Given entries >>
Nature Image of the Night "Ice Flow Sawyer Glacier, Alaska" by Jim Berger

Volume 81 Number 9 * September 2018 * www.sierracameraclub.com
--
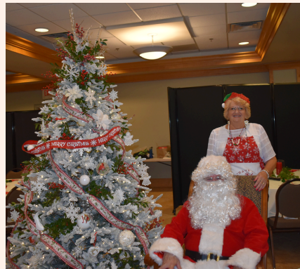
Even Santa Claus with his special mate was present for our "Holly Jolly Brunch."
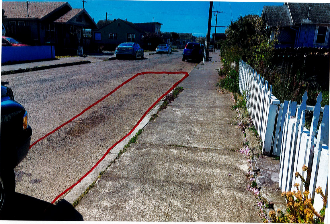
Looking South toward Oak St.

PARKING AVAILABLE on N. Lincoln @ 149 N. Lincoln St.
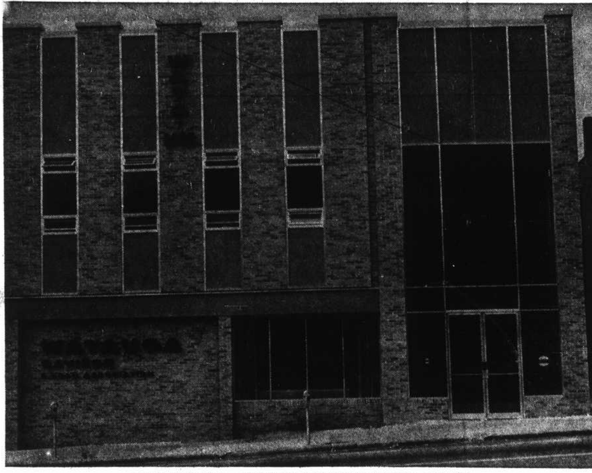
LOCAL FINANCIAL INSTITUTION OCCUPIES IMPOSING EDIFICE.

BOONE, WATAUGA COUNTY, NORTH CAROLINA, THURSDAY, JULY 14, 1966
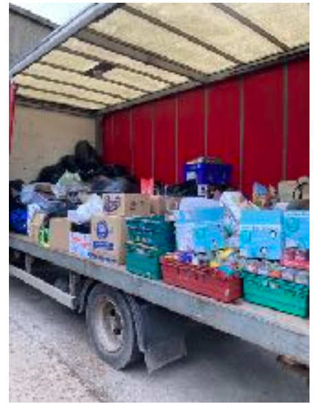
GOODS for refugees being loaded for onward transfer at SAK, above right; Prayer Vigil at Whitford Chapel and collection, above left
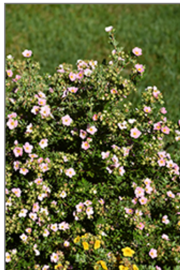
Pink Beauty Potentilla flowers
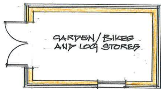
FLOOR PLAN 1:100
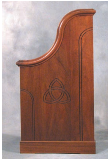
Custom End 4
--
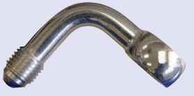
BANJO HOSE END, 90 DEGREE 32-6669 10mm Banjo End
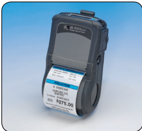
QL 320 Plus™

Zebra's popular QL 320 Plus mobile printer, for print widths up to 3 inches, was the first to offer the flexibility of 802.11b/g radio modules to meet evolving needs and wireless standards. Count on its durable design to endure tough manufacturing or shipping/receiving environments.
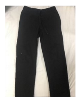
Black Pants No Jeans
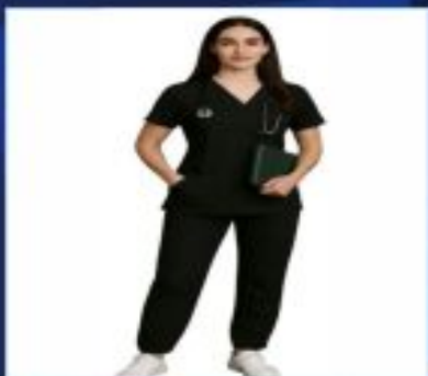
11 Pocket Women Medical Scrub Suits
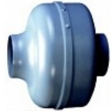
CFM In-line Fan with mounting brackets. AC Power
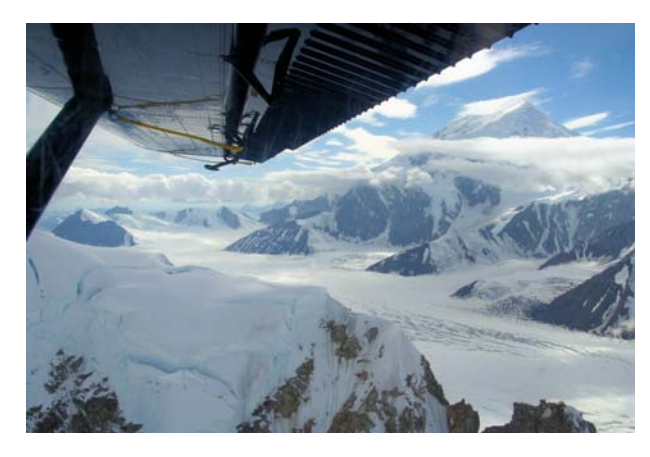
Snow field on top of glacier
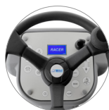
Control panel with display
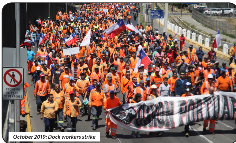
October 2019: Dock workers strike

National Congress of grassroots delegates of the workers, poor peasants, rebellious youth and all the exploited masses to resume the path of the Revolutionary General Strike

Task goal >> Write down exactly the span of lines above from the one containing "October 2019: Dock workers strike" to the one containing "National Congress of", both ends included.

Task response >>
October 2019: Dock workers strike

National Congress of grassroots delegates of the workers, poor peasants, rebellious youth and all the exploited masses to resume the path of the Revolutionary General Strike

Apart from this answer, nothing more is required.